Reddit will have active subs for specific board games. The general board games magazine on Lemmy has 1 post a month.
So ya, if I want to read comments on the latest episode of Loki to see what things people picked up on that I missed Reddit is currently the only place to find that.
I feel like there needs to be instance aggregation for Lemmy to really work in the long run (and really this is probably true of the fediverse in general). Having to add communities across multiple instances, and not being able to browse them in a centralized way, really detracts from the experience. On Reddit, I subbed to the stuff I wanted and just lived off that feed. With Lemmy, I feel like I have to stay in unfiltered view to get anything of interest–the fragmented niche communities are just too limiting.
Yes, Lemmy is Reddit with extra steps as long as you can’t click this /c/books And see, by default, every books community , on every server at once in a single place.
The Redditors who made it here, saw this and realized the fediverse promise, was just bait.
Since lemmy instance are hit and miss. Some popular ones are already talking about shutting down or have shut down. I highly doubt lemmy will get there.
“multi Reddit” like feature do not fix the problem.
First, like on Reddit, less than 5% of users will use it as a non default feature which needs to be configured.
Second, even of those people who use the feature, they will have different sets of differently configured “multireddit”.
The end result is a fragmented audience that has no shared experience and never aglomerates to critical mass.
If you have 1725 /c/books communities, that does not make one cohesive books community. These people have nothing in common.
Practical end result, one books community on one Lemmy instance, is “the one big community” and almost every other gets 1 post per year on average, which is never seen by anyone.
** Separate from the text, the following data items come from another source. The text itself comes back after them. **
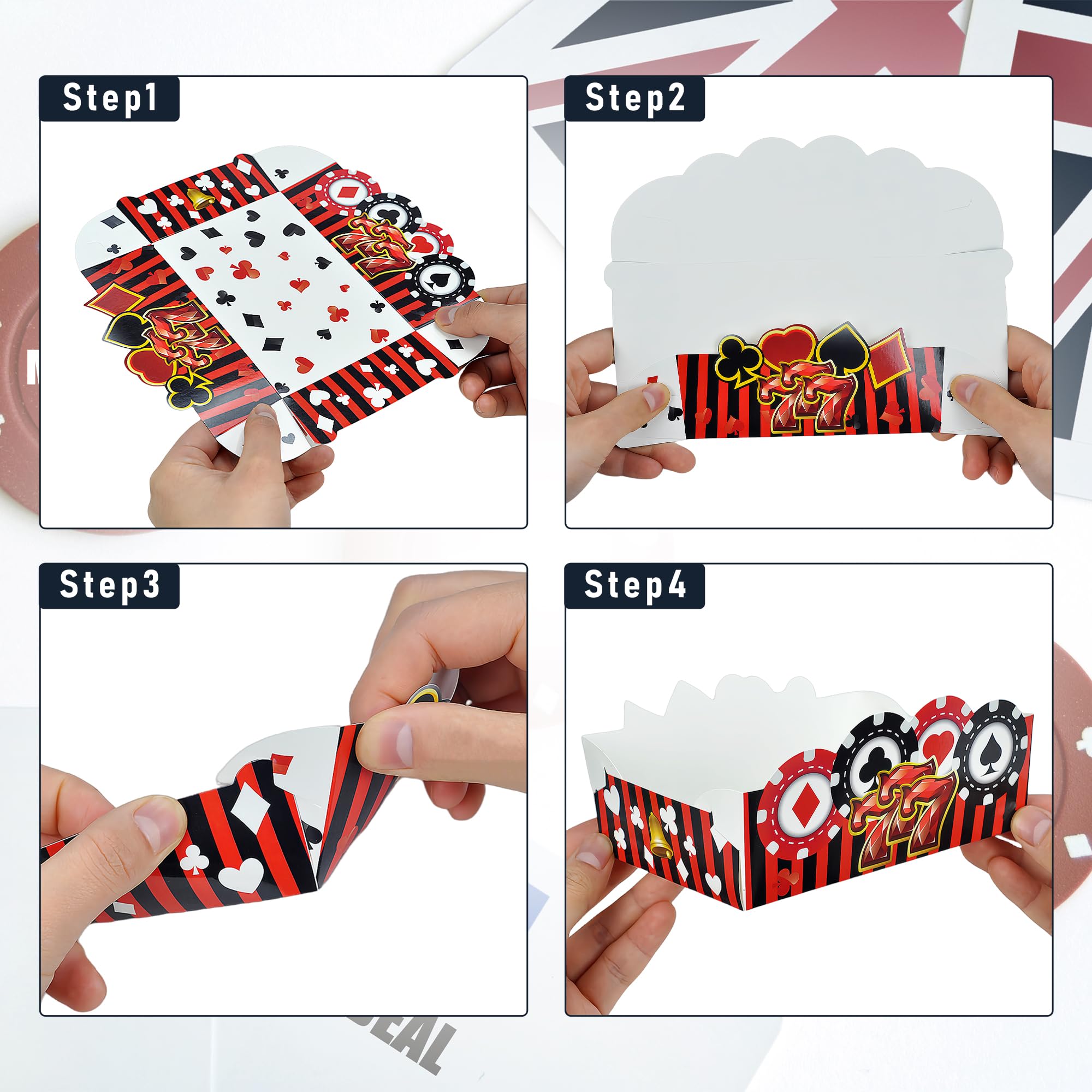 Proper Size: The casino themed tray measures approximately 13cm/5.1 inches long * 9cm/3.5 inches wide * 4.5cm/1.8 inches high when folded, compact and lightweight, with enough interior space to hold a variety of party supplies such as burgers, candies, chocolates, French fries, cookies, and other snacks, this disposable tray is very easy to assemble, you only need to spend a small amount of time to fold it along the Folding crease can be done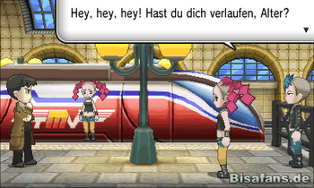 Es kommt genau, wie vermutet. LeBelle kann die Gauner zwar am Bahnhof stellen, doch ohne Kampf wollen diese das gestohlene Pokémon nicht herausrücken. Ein Glück, dass du im richtigen Moment eintriffst und dich mit den drei Punkern befassen kannst. Auch diese Kämpfe sind alles andere als schwer und auf dem Niveau wie zuvor bei den Gassenkindern. Mache dir in dieser Hinsicht also keine Sorgen und genieße lieber die lustigen Dialoge in dieser gesamten Geschichte.
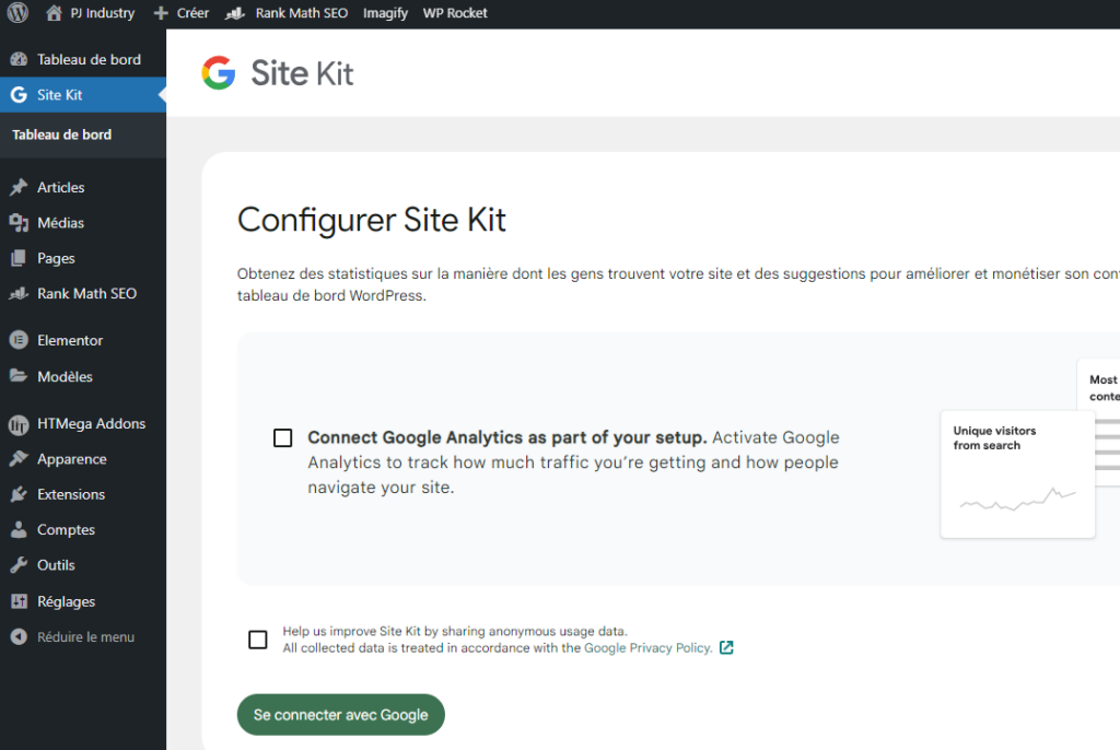 Télécharger l’extension Google Site Kit (si pas déjà fait)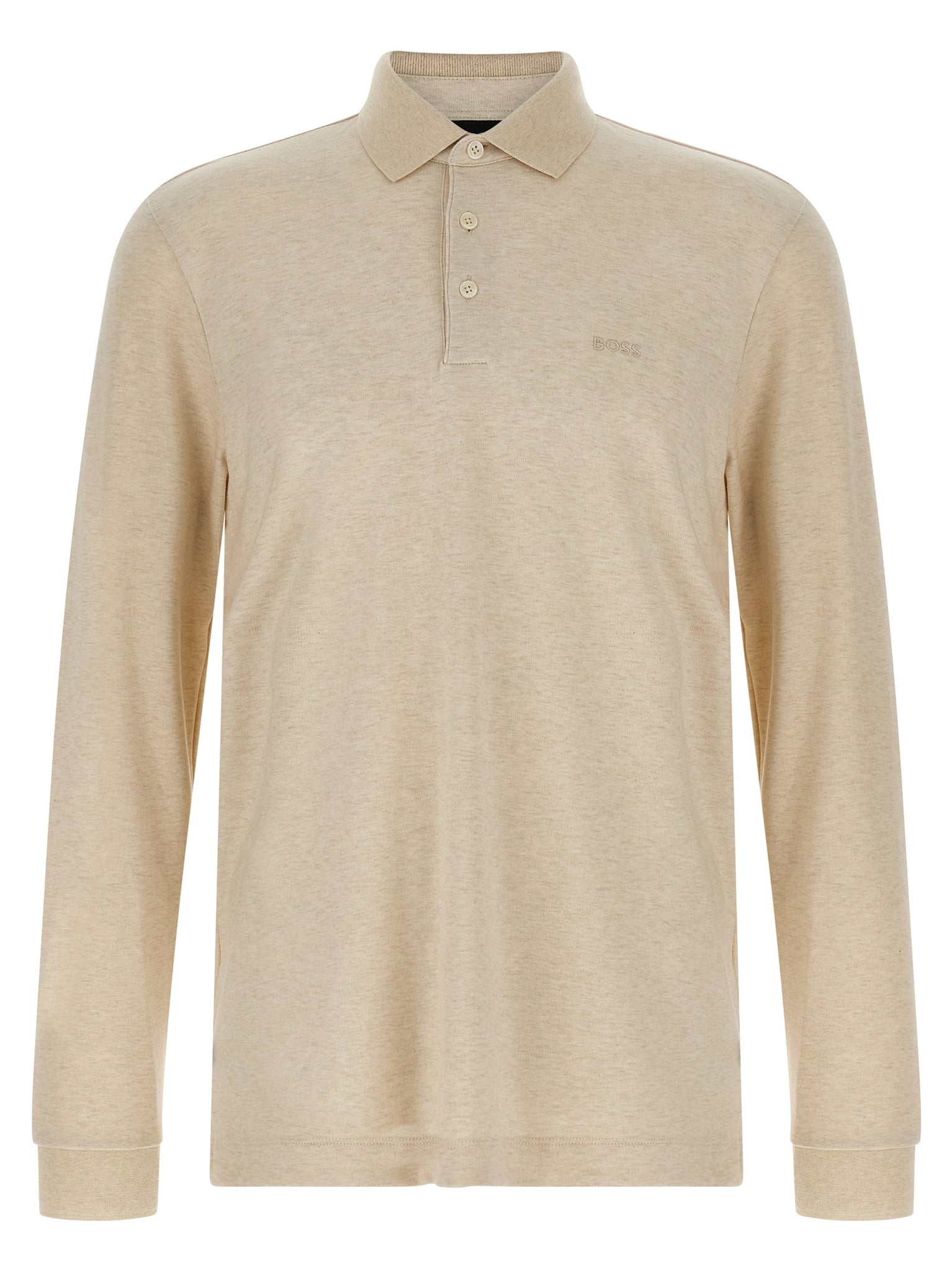 'pado 30' cotton interlock mélange polo shirt with tone-on-tone embroidery on the front, Collar and buttons, Long cuffed sleeves and side slits. Size and Fit - true to size fit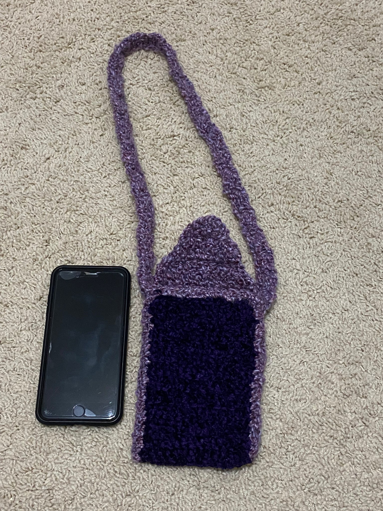 This is uniquely made for when all you want to carry is your cell phone and small thin wallet. Closure is a fold over flap. This cute little bag is 4.5 inches wide, 6.5 inches tall with a 34 inch strap.
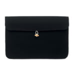15 inch padded laptop pouch in 220 gr/m² cotton. Inner lining 120 gr/m². Bamboo button closure.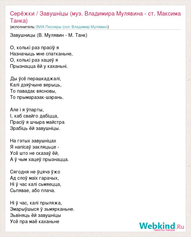 Завушницы (В. Мулявин - М. Танк) О, колькі раз прасіў я Назначыць мне спатканьне, О, колькі раз хацеў я Прызнацца ёй у каханьні. Ды ўсё перашкаджалі, Калі дзяўчыне верыць, То павадак вясновы, То прымаразак-шэрань. Але і я ўпарты, І, каб свайго дабіцца, Прасіў я шчыра майстра Зрабіць ёй завушніцы. На гэтых завушніцах Я напісаў закляцьце - Усё што не сказаў ёй, А ў чым хацеў прызнацца. Сягодня не ўцячэ ўжо Ад слоў маіх гарачых, Ні ў час калі сьмяецца, Сьпявае, або плача. Ні ў час, калі прыляжа, Змарыўшыся ў зьмярканьне. Зьвіняць ёй завушніцы Усё пра маё каханьне
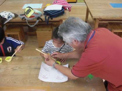 同窓会会長、松田 昭夫様の「おはしの使い方をマスターしよう」講座も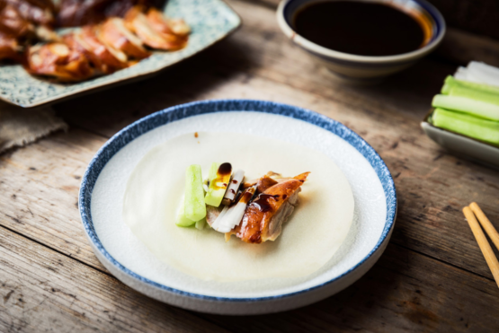 北京烤鸭如果只有薄面饼裹鸭肉片,显得过于油腻,有了葱丝、黄瓜条和甜面酱的调和,才能吸引人吃得停不下来。

For every big community, every once in a while, the moderation dictators sell out or otherwise piss off the community enough that it fragments. That works as well as the current transition from Reddit to Lemmy.
Each schism doesn’t create a new, better community, it creates a smaller, less active community at the expense of the larger one.
There needs to be a single point of agglomeration, which works by default for any community name.
And moderation needs to be something dive by every user and moderation needs to be a filter that you subscribe to.
I wish they were true but reality is that people will accept just about any and all abuse and stay with the crap despite sometimes getting angry about it.
I lurk the Reddit’s onion site using tor and turn JavaScript off. I don’t even have an account there anymore so I can’t comment on anything. This way they don’t get any advertising dollars from me. But it’s the best way for me to keep up with what’s new and upcoming in some special fields that I’m in.